Gest. Age(weeks) | Disease Group | Control Group | ||
Frequency | % | Frequency | % | |
28 – 30 | 8 | 16.0 | 17 | 34.0 |
31 – 35 | 22 | 44.0 | 27 | 54.0 |
36 – 40 | 20 | 40.0 | 6 | 12.0 |
Total | 50 | 100 | 50 | 100 |
Mean ± SD | 34.24 ± 2.88 wks | 31.70 ± 2.81 wks |
Disease Group (n=50) | Control Group (n=50) | p-value | |||
Mean ± SD | Range | Mean ± SD | Range | ||
T3 | 0.92±0.38 | 0.13-1.79 | 1.41±0.29 | 0.37-1.98 | <0.001 |
T4 | 5.29±2.16 | 2.10-12.66 | 9.46±1.96 | 5.30-14.07 | <0.001 |
TSH | 6.19±2.32 | 2.34-13.10 | 2.22±0.84 | 0.16-3.70 | <0.001 |
Fig.5) shows the values of thyroid functions in preeclamptic women and normal pregnant women. Serum TSH is increased significantly while T3 and T4 are decreased significantly in preeclampsia as compared to normal pregnancy. Table 3 (
DISCUSSION
Pregnancy is associated with significant, but reversible changes in thyroid function, which are among the most profound seen as a result of a normal physiological state (Glinoer et al., 1990). Furthermore, human chorionic gonadotropin (hCG) can stimulate the thyroid gland because of its structural similarity to thyrotrophin (TSH) (Brent, 1997). Thyroid hormones have important role in embryogenesis and fetal development during pregnancy. Therefore, thyroid status is frequently assessed during pregnancy, both to evaluate suspected thyroid abnormalities, and to monitor the status of pre-existing thyroid disease (Haddow et al., 1999). Thyroid functions were estimated in preeclamptic patients
In our study it was found that TSH levels mean (±SD) are significantly higher in preeclamptic group 6.19 ± 2.32 as compared to control group 2.22 ± 0.84 (p<0.001). T3 and T4 levels were significantly lower in preeclamptic group 0.92 ± 0.38, 5.29 ± 2.16 as compared to control group i.e. normal pregnant women 1.41 ± 0.29, 9.46 ± 1.96 respectively (p<.05).

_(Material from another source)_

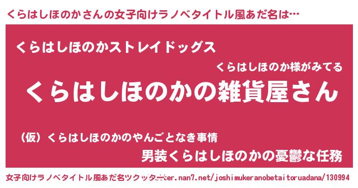 くらはしほのかさんの女子向けラノベタイトル風あだ名は… 『くらはしほのかの雑貨屋さん』『くらはしほのかストレイドッグス』『男装くらはしほのかの憂鬱な任務』 ツクッター #女子向けラノベタイトル風あだ名ツクッター http://tkutter.nan7.net/joshimukeranobetaitoruadana/130994/
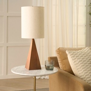Nourison 20.5" Walnut Wood Tapered Triangle Table Lamp

Similar results were seen in study conducted by Farah et al., (1999)who found that there was significant decrease in T3 and T4 levels and significant increase in TSH levels in preeclamptic women.

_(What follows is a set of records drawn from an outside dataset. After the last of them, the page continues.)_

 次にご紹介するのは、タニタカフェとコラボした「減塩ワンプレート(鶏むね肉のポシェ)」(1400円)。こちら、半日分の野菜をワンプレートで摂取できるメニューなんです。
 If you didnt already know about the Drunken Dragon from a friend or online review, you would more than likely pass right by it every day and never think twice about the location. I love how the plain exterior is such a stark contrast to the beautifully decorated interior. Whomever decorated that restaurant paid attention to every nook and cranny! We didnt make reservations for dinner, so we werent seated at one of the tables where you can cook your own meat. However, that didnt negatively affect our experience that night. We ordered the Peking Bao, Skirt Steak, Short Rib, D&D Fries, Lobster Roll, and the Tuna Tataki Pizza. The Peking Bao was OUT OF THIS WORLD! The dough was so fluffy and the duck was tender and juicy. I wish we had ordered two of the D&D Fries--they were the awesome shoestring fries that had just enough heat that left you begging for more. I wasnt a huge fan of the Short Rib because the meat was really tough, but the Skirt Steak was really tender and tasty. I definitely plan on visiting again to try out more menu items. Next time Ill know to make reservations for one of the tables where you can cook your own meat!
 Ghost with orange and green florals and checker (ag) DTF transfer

Kumar et al., (2005)observed the similar findings in preeclamptic women with high TSH levels and low thyroid hormones. Their findings suggested that preeclamptic women had higher incidence of biochemical hypothyroidism compared with normotensive pregnant women
Larjani et al., (2004) reported increased TSH levels and decreased free and total levels of T3 and T4 in a study of 39 preeclamptic patients as compared to 42 healthy controls. These findings are in agreement with others in the literature (Kaye et al., 1994; Tolino et al., 1985).
Conclusion: The findings of present study indicate that as the severity of preeclampsia increases the level of TSH increases with corresponding decrease in T3, T4.